As more corporate buyers move from executing transactions in the US to Europe, how similar are the PPA terms?  Are there areas where the terms are more buyer friendly in one region over the other or less buyer friendly?

We are seeing a lot of interest in Europe this year, primarily with clients who have already done transactions for their US load and are looking at Europe for their next transactions. So far, we have been able to successfully use their US transactions as the precedent document and have been able to carry over a lot of the terms from the US deals. This is a great benefit to the corporate clients since it reduces the internal burden to re-educate their stakeholders about the transaction structure and allows for some consistency among their global portfolio. Unlike US developers, which are getting accustomed to the unique asks of corporate buyers, a lot of European developers are doing their first corporate PPAs, so there is an education process required – similar to the first deals in the US markets. I haven’t personally seen regions that are particularly buyer-friendly (or not) regarding terms but like the US, I think we will start seeing clusters of PPAs in the regions where the economics are more favorable. I expect a lot of these deals will be announced over the next year, so we’ll know about how that market is shaping up in 2021. Corporations with global renewable goals are also taking their lessons learned in the US and going into LATAM, Australia and Asia to do deals and influence markets. It’s exciting to see the work everyone has done in the US be applied around the globe.

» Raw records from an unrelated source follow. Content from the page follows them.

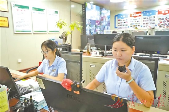 ▲值班人员连线奔忙在路面的环卫作业车驾驶员,叮嘱注意事项。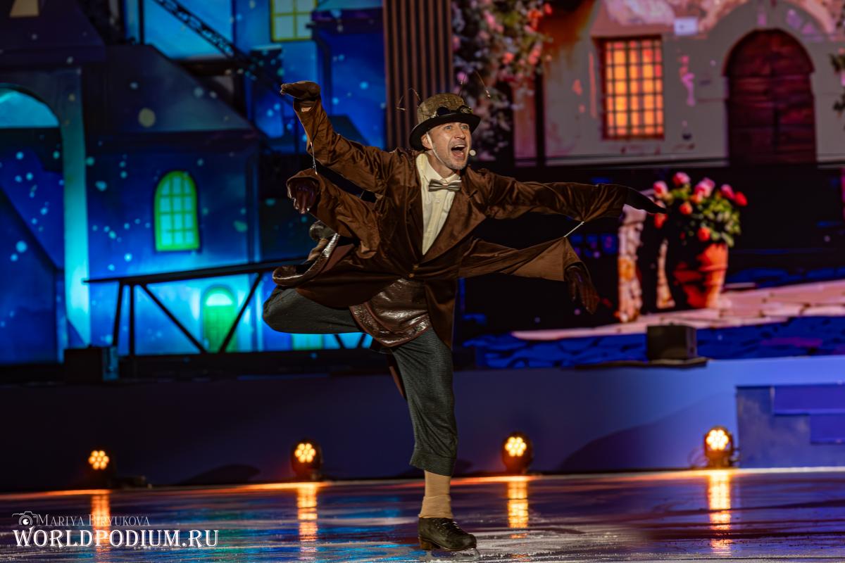 Алексея Ягудина мы неслучайно оставили на «десерт» в нашем рассказе о колоритных героях «Буратино» – в этом спектакле фигурист, артист и ведущий предстаёт в роли Таракана-Рассказчика: он вживую озвучивает реплики своего героя и много общается с публикой, шутит и иронизирует, конечно же, не выходя из образа и не нарушая сюжетную концепцию.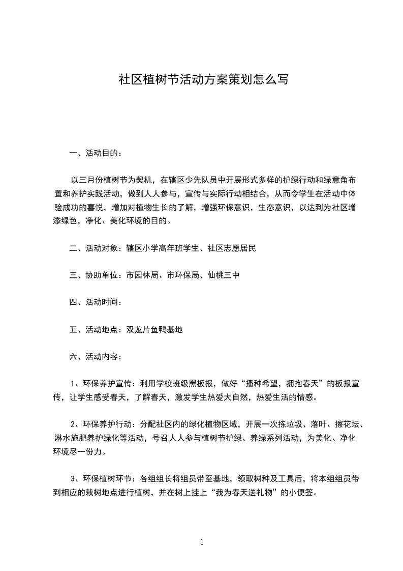 2、中期:a为宣传此此次活动的精神及环保的意意义,于3月12日上午步步行至植树地点,本篇文章章来自资料管理。清点点人数b请师生务必带好好植树工具,娱乐节目的同同学做好准备工作,待植树树结束后表演c植树开始始,请大家注意安全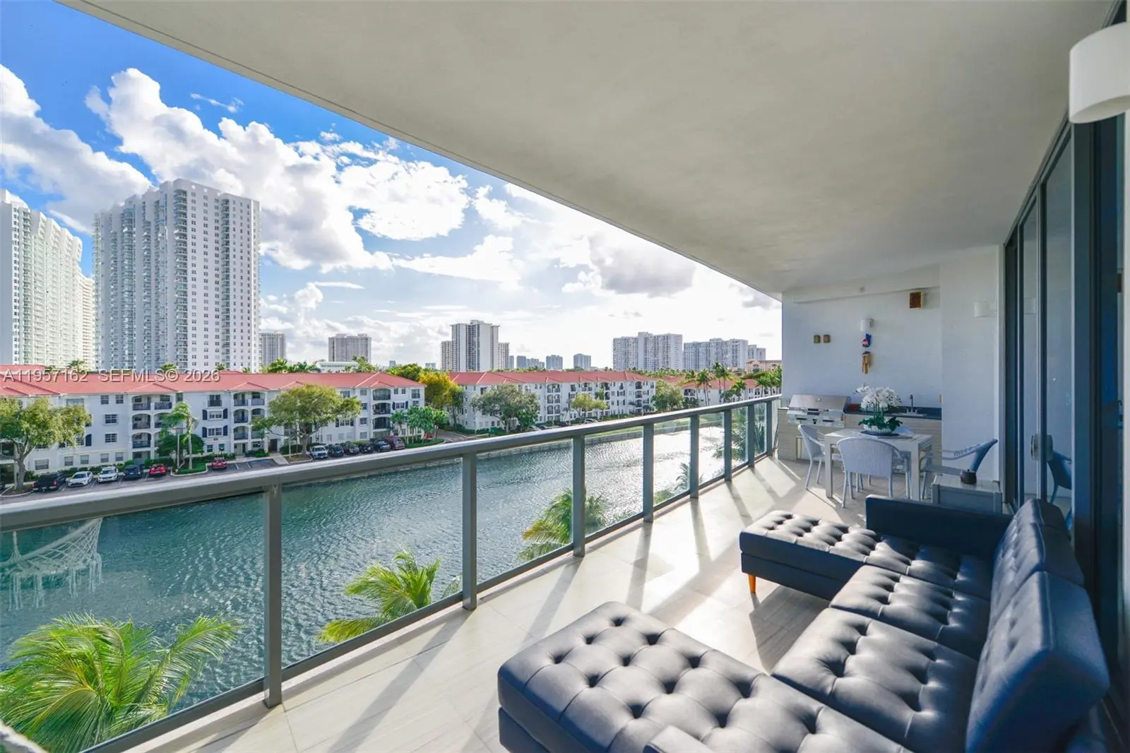Designed by architect Carlo Ott, Echo Aventura offers privacy & comfort with private elevators and oversized balcony terraces with gas grills for outdoor entertainment. It features 3 bedrooms, 4,5 bathrooms, a maid’s quarters, and custom walk-in closets. This unit is ready for move-in and features porcelain floors and an upgraded kitchen with new countertops. Amenities include an attended waterfront pool, valet service, a fitness center, a spa, and a coffee bar.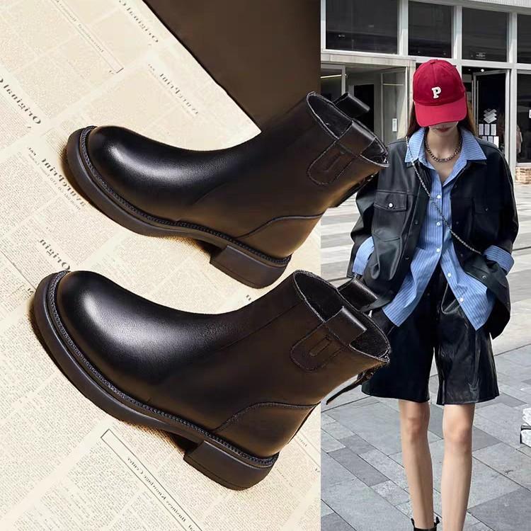 Měkké kožené tenké kozačky dámské 2025 nové s plochou podrážkou se zadním zipem jarní a podzimní jednovrstvé kozačky podzimní a zimní sametové martensky krátké kozačky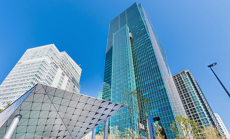 日本橋FKビルディングは東京オフィスビルの中でも5本指に入る大型ビルで、地上35階建て、基準となるフロアは1000坪超える広さとなっており、最大級の規模を誇ります。採光が良く入るエントランスやロビーは開放感があり、外観に似合った大きい内覧も特徴です。1・2階にコンビニや銀行ATM、郵便局などが入っており、3階から最上階までがすべてオフィスフロアなため、機械警備システムなども完備されています。
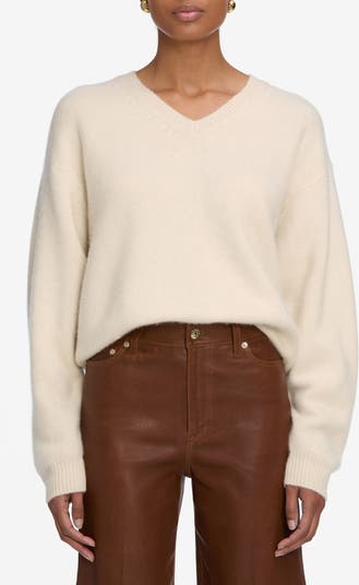 A fuzzy brushed finish amps up the sweater-weather appeal of a classic cashmere pullover knit with dropped shoulders and a V-neckline.

Are you seeing shifts in market preferences for wind vs. solar? How has this impacted terms, if at all?

We are seeing a lot of solar deals recently, which I am sure is largely based on economics (I haven’t had any client say they have a preference for solar over wind for any other reason than project economics so that is most certainly the driving force). Terms are largely that same between wind and solar projects, although solar typically has a shorter build timeline. The performance metrics (availability or performance guarantees) are more complex for solar and do not seem to have settled on industry standard terms in the same way that wind has.

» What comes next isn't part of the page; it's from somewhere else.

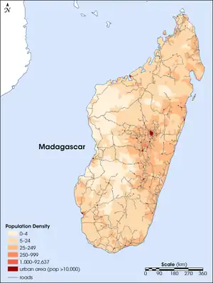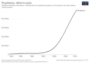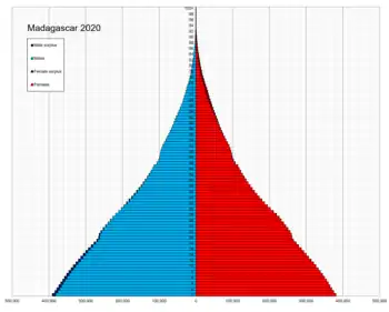 Problema cu estimarea populației în Madagascar este că datele sunt foarte vechi și limitate. Ultimul recensământ al populației a fost efectuat în 1993, după un recensământ inițial din 1975. A existat o încercare de recensământ în 2009, dar această încercare a eșuat în cele din urmă din cauza instabilității politice. Prin urmare, situația demografică este dedusă, dar fiabilitatea oricăror estimări din orice sursă are o marjă mare de eroare. Conform Format:UN Population populația totală era Format:UN Population în Format:UN Population, comparativ cu doar 4.084.000 în 1950. Proporția copiilor sub vârsta de 15 ani în 2010 a fost de 43,1%, 53,8% a fost între 15 și 65 de ani, în timp ce 3,1% a fost de 65 de ani sau mai mult.[1]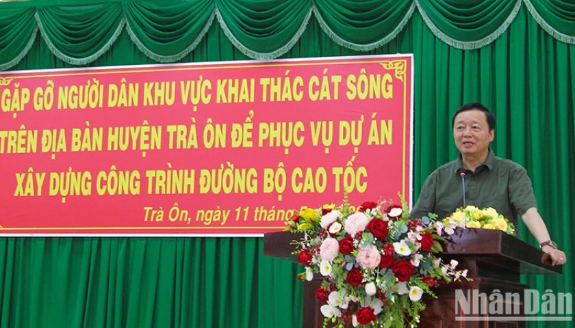 Ngày 11/5, trong chuyến làm việc về giải quyết vật liệu san lấp cho các dự án giao thông trọng điểm khu vực phía nam, Phó Thủ tướng Chính phủ Trần Hồng Hà cùng đoàn công tác Chính phủ đã có buổi gặp gỡ với người dân vùng mỏ cát tại huyện Trà Ôn, tỉnh Vĩnh Long.

Have you started to see storage paired with renewables projects, and what unique considerations should be made in this type of arrangement?

Yes, solar is commonly paired with storage because, if it is properly integrated (at least 75% of charging energy comes from solar system), it’s eligible for ITC. Storage + solar is increasing common in transactions with utility offtakers. Wind and storage are rarely paired because storage economics work better when supported by an ITC rather than a PTC. Storage + solar has been used less often in corporate transactions, but we are seeing the first of these transactions and expect more.

Do you see contract terms becoming more standardized, or more customized?

Different offtakers structure and phrase contracts somewhat differently, so they are not standardized in the same sense as an ISDA or the EEI form, but they are becoming standardized in the sense that more and more contracts are dealing with a discrete set of issues, such as performance guarantees and negative pricing in a fairly predictable set of ways. A few years ago, developers would often approach corporate buyers in the same way they did their utility buyers and the process was sometimes painful to get all of the parties on same page. Now, most developers understand the unique needs of the corporate buyers and the unique terms required to meet the corporate buyers goals. This has streamlined (and standardized) a lot of the discussion about Dodd-Frank requirements, accounting treatment and reputational risk.